Dung consumption and transportation by these beetles contributes to nutrient recycling. Incorporation of manure into the soil from the surface allows nitrogen that would otherwise have been almost entirely lost through volatilization to be used by plants. Additionally, larvae leave behind the uneaten portions of their brood balls as organic matter with which soil microbes create humus, a crucial contributor to soil health.

Dung removal by E. intermedius also increases effective pasture acreage. Livestock have been shown to not graze near their own species’ manure, which is removed by these beetles.

==== Parasite control ====
Dung manipulation by E. intermedius has been shown to reduce the population of parasitic pests. E. intermedius introduction has been found to significantly decrease fly larvae emergence due to competition for dung as a food source and damage to fly eggs. E. intermedius introduction has been found to decrease gastrointestinal parasites by disrupting their eggs, which are found in the feces of cattle.

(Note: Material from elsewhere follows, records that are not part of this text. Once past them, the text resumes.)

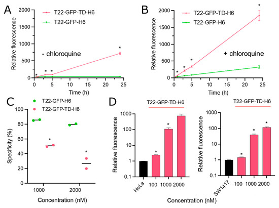 The potential of TD to enhance the endosomal escape of T22-GFP-H6 was further tested by using chloroquine as an indicator drug. Chloroquine minimizes lysosomal destruction of proteins by reducing acidification [58,59]. Subsequently, any increase in the intracellular florescence of the drug should be representative of the nominal proteolytic destruction of a given fluorescent polypeptide, because of its retention in the lysosome. As observed in kinetic internalization analyses (Figure 4A,B), chloroquine increases the intracellular amount of both T22-GFP-H6 and T22-GFP-TD-H6, indicating lysosomal proteolysis in both cases. Although slight differences between the internalization patterns of these proteins were observed in the drug, data were not sufficiently robust to infer an enhanced proteolytic stability in the TD-carrying protein. Again, according to the data shown in Figure 3, endosomal escape, if it occurred, was not a majoritarian event.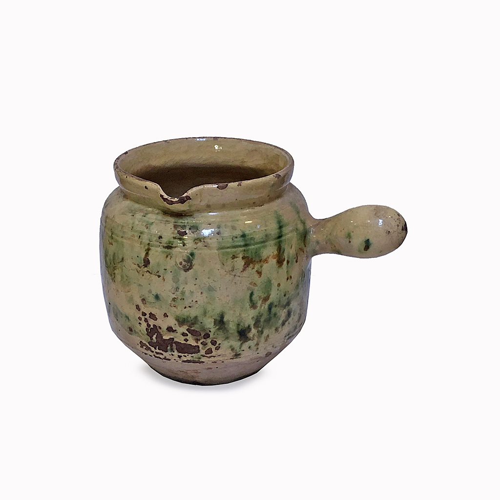 FRENCH PALE GREEN SPECLE GLAZED JUG WITH SIDE HANDLE 13 CM HIGH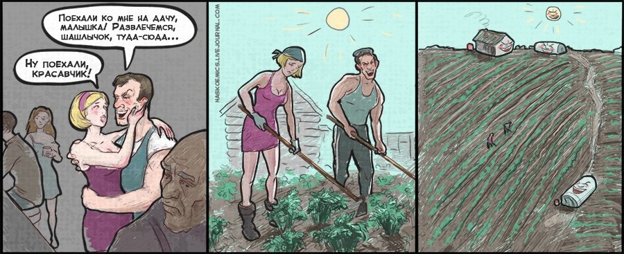 Лето продолжается и идеи для летних подборок комиксов у меня пока что тоже все еще не закончились. Например, в этот раз я решил собрать для вас десяток забавных зарисовок про дачу - чем не летняя тема? В общем, сегодня вас ждут сюжеты про садовые работы, комаров, урожай, дачную моду и многое другое. Надеюсь, что вам понравится! Новосибирская художница Анастасия Икусова является автором серии комиксов с необычным названием АПАТЯПАТЯ! Выпуски данного проекта представляют из себя колоритные и очень смешные зарисовки преимущественно на жизненные темы. Есть вот, к примеру, выпуск про нюансы дачного отдыха. Питерский художник Павел Назим - автор паблика «Инженерная графика» - рисует комиксы и иллюстрации на разные темы, а недавно у него выходил печатный артбук с лучшими работами под названием «Природоведение». Следующая иллюстрация, кстати, как раз связана с природой. Проект под названием Нечистушки от Олега Дернова и Елены Лихачёвой - это короткие смешные стишки и дополняющие их забавные ил

==== Herbicide and drug effects ====
E. intermedius has been used to investigate the effects of compounds and medicines used in the agricultural industry on nontarget organisms. Studies on herbicides have found that a common herbicide mixture, consisting of 2,4-dichlorophenoxyacetic acid and picloram, to pose no negative effect on E. intermedius beetles. Rather, it has been shown that application of said herbicide mixture improved the condition and size of these beetles. Studies on antiparasitic drugs have found that ivermectin injection into cattle produces ivermectin residue in cow dung, which delayed adult emergence by up to a week and decreased productivity in the first week of breeding for E. intermedius. Studies explored the survival, fecundity, and development of this species after ivermectin was introduced to cattle dung. Researchers found that adult survival was reduced to nearly 50% and eventually reached total mortality at greater concentrations. Upon closer inspection, it was noted that ivermectin didn't impact the ovary, but increased testicle size and reduced the fecundity and weight of the broods. Ivermectin increased the development time for E. intermedius which reduced their numbers. Further research involving the impact of ivermectin on E. intermedius and its surroundings are vital to understanding the implications of its use in agriculture.